Samenspender

Fiction

Da steht Luise jetzt in dem Zimmer und weiß nicht, wie sie sagen soll, was sie getan hat. Ihr Freund sitzt am Schreibtisch und geht noch wie immer die Emails durch, die er in nicht im Büro hatte bewältigen können. Sie könnte ihm noch einen Tee machen und sich neben ihn setzen, aber er wird wohl nur sagen, er habe noch zu tun. Es ist spät, aber beide haben nicht zusammen gegessen, weil er noch in einer Sitzung sein musste, da der neueste Pitch vorbereitet werden musste. Es sei jetzt viel zu tun, sagt er, die Herbstkampagnen müssten vorbereitet werden und jetzt sei dieser Pitch dazugekommen, der die Agentur auf ein neues Level heben würde. Ihr Freund wird jetzt noch bis spät in die Nacht da sitzen, gebeugt über sein Macbook, es gehe, wie er kurz gesagt hatte, um irgendein digitales Projekt, aber Luise hatte nicht zugehört, wie denn auch, nach dem, was heute geschehen war. Warum merkt er nichts, sagt sie sich, Markus müsste es doch spüren, natürlich spürt man es bei einer Frau, vor allem bei einer Frau, mit der man Bett und Wohnung teilt.

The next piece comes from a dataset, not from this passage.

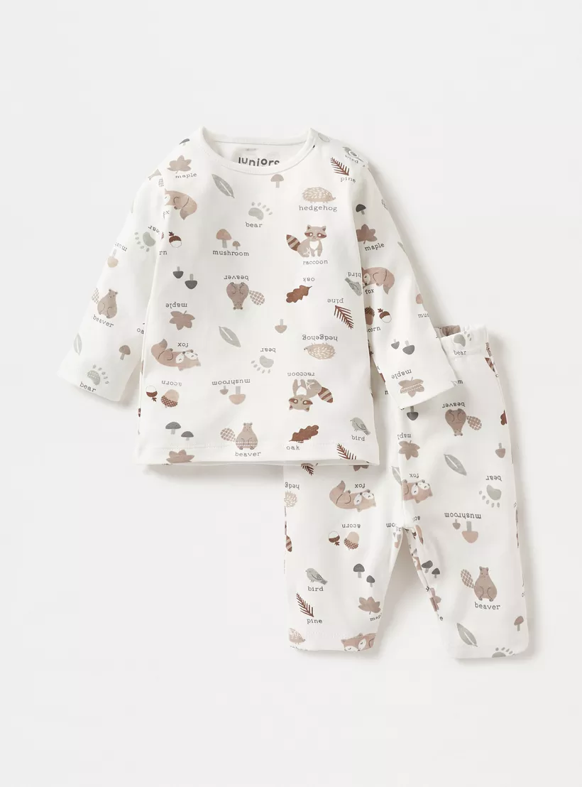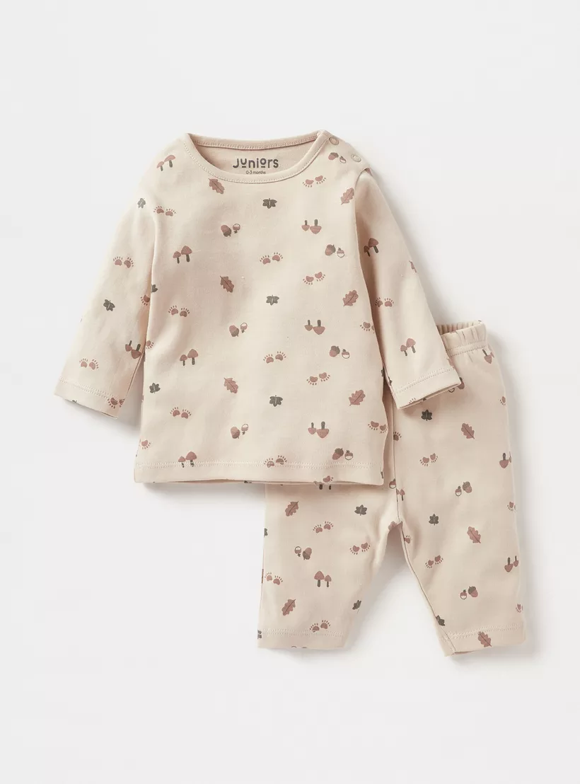 Juniors Printed Long Sleeves T-shirt and Pyjamas – Set of 2

Markus ist anders geworden, der Rücken fester und verhärteter, der Bauch weicher, die Stimme fester und gemessener, distanzierter und machtbewusster, seit er öfters nach London und New York fliegt, um die Kampagnen abzugleichen, die angesichts der Klimakrise entworfen werde. Aber trotzdem war heute geplant gewesen, man muss ja auch die Tage achten, Verkehr zu haben um in neun Monaten das Gastzimmer in ein Kinderzimmer verwandeln. Im Wohnzimmer ist alles sauber, die Vintage Sessel im dänischen Design sind heute geliefert worden, ihrer Holzlehnen riechen noch nach frischem Lack, irgendwie ist es für Luise gleichgültig jetzt, die Haut erinnert sich noch an ganz andere Oberflächen, die an einigen Stellen fast so hart wie Holz gewesen waren und anderswo weich, samtig fast, dabei war es nichtmal etwaige puppengleiche Schönheit, die sie in den Bann geschlagen hatte, denn es war, als wechselte bitterer, abgeschlossener Ernst mit spitzbübischen Lachen, wie ein Tag im April, der launisch zwischen Schnee und Sonne pendelt. Es war nicht augenscheinige Attraktivität gewesen, nein, geschweige denn irgendein Stil, er trug ja die hilflosen Sachen armer junger Männer, Hosen, die nicht ganz passen, verschossene Sweatshirts und dünne Turnschuhe, dazu ein paar Bartstoppeln, nichts, was eigen oder besonders gewesen wäre. Kann es sein, dass ein einziges Wort, ein einziger Satz trotzdem alles verändert, das ganze Bisherige in den Wind schleudert als wäre es eine Festplatte, die neu formatiert würde?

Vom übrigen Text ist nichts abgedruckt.